El padre de Álvaro Uribe cayó fulminado, con dos disparos: uno en la garganta y otro en el pecho. Los guerrilleros destruyeron con dinamita el Huhues 500. Horas después, aparecieron las fuerzas armadas. En un vehículo militar se llevaron a salvo a María Isabel y al capitán Rivera. Según las malas lenguas, Pablo Escobar, el célebre narcotraficante, puso a disposición de Santiago otro helicóptero que, finalmente, no se usó: el herido fue trasladado a Medellín en las peores condiciones físicas, en una ambulancia de la Cruz Roja, a 105 kilómetros de la finca.

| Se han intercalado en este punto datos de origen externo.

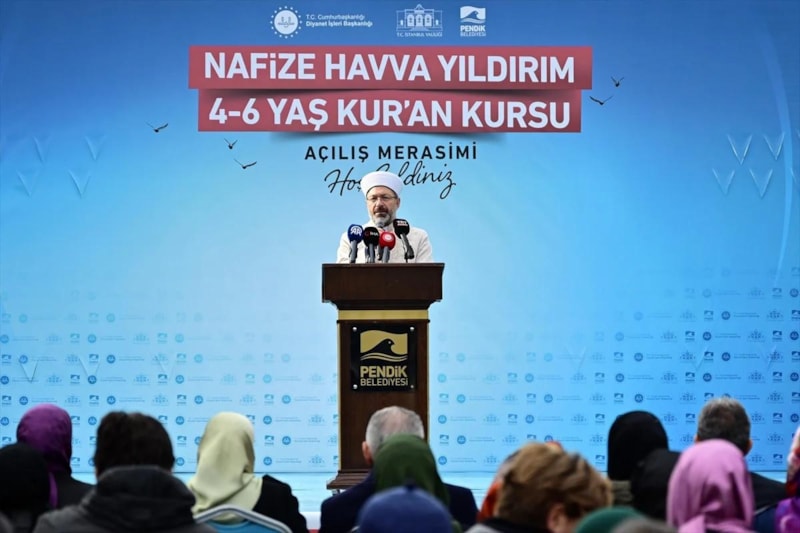 Diyanet İşleri Başkanı Ali Erbaş, Pendik Ahmet Yesevi Mahallesi'nde yapımı tamamlanan "Nafize Havva Yıldırım 4-6 Yaş Kur'an Kursu"nun açılışı dolayısıyla düzenlenen törene katıldı.

Acaso a esas mismas horas se fue gestando en la cabeza del futuro Presidente Uribe, el programa contra los grupos terroristas denominado “política de seguridad democrática” y perfiló la alianza secreta que sostuvo a lo largo de su gestión presidencial con los llamados grupos paramilitares, los escuadrones de la muerte que desde Vietnam se les conoce como Ojos Rojos y que hicieron el trabajo sucio de limpiar a Colombia de las FARC, para no desprestigiar a las Fuerzas Armadas en operaciones de contrainsurgencia.

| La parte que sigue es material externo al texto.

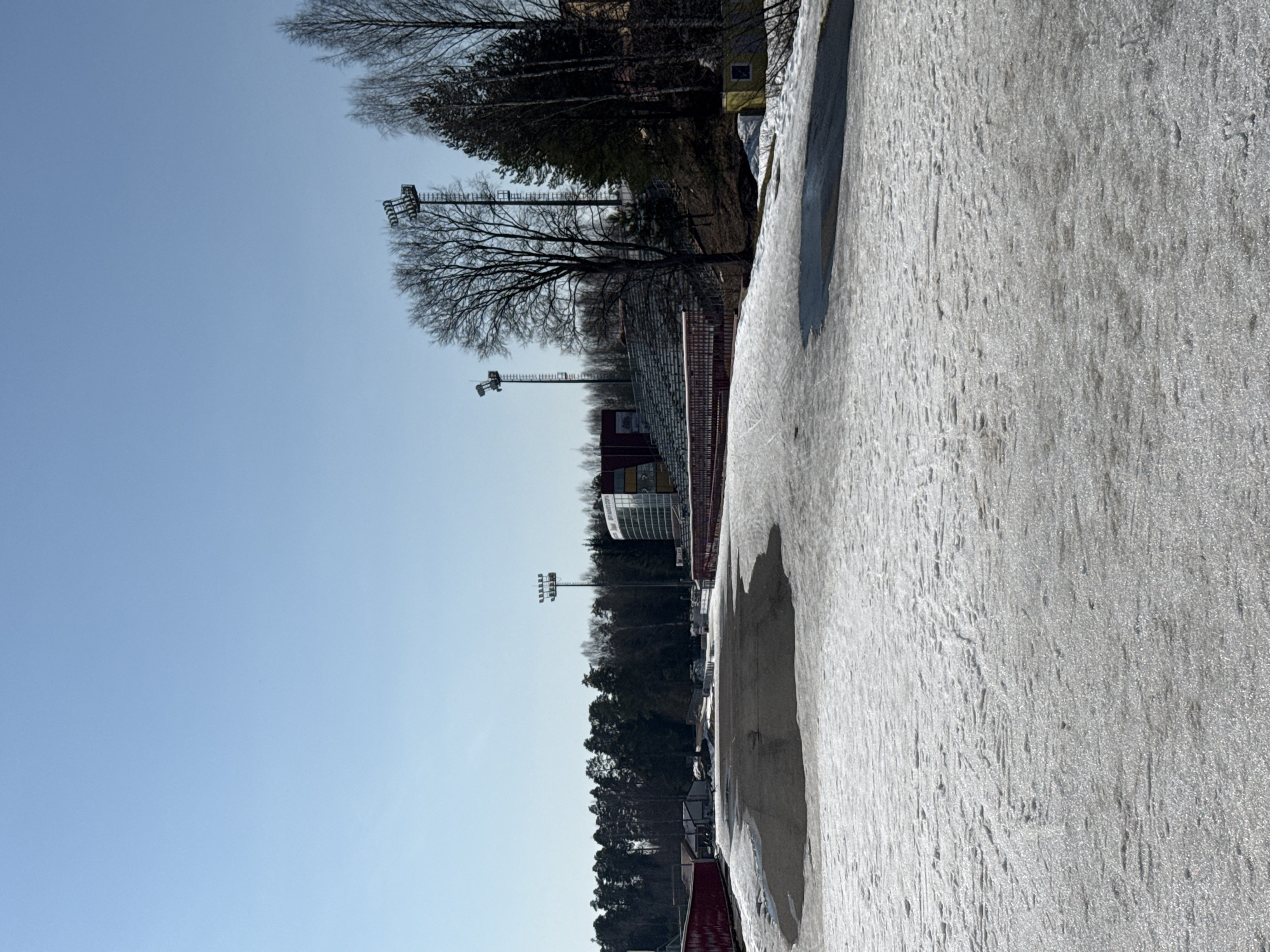 This image displays an outdoor sports complex in Sedlovo (Shashkovskaya S/A), Russia, under a clear, light blue sky. The foreground consists of a wide, level area covered in melting snow and ice, with a distinct, irregularly shaped patch of dark, exposed asphalt or pavement in its center. To the left, a long red-railed barrier or structure extends into the distance. In the midground, gray stadium bleachers are visible, partially obscured by a large, bare deciduous tree. Multiple tall metal light towers, each topped with floodlights, stand erect throughout the complex. Further right, a modern building with a curved glass facade and a red roof section is present. A dense line of trees, comprising both deciduous and coniferous species, forms the background horizon. Patches of snow persist on the ground beneath the trees and in various areas of the complex. No individuals are depicted in the scene.

Según Uribe, durante su mandato el Estado recuperó el monopolio de la violencia legítima, en contra de los grupos armados más criminales, más terroristas del mundo, que metieron a su padre dos balazos en la frente y en el pecho. La tesis contra las FARC es discutible, pero lo cierto es que a Uribe no le bastaron sus dos mandatos presidenciales, que abarcaron del año 2002 al 2010, para acabar con sus enemigos.

Aunque nunca se rajó, le faltó tiempo para cumplir la venganza del hijo del terrateniente. No sabremos exactamente cuánto le hubiera sido suficiente.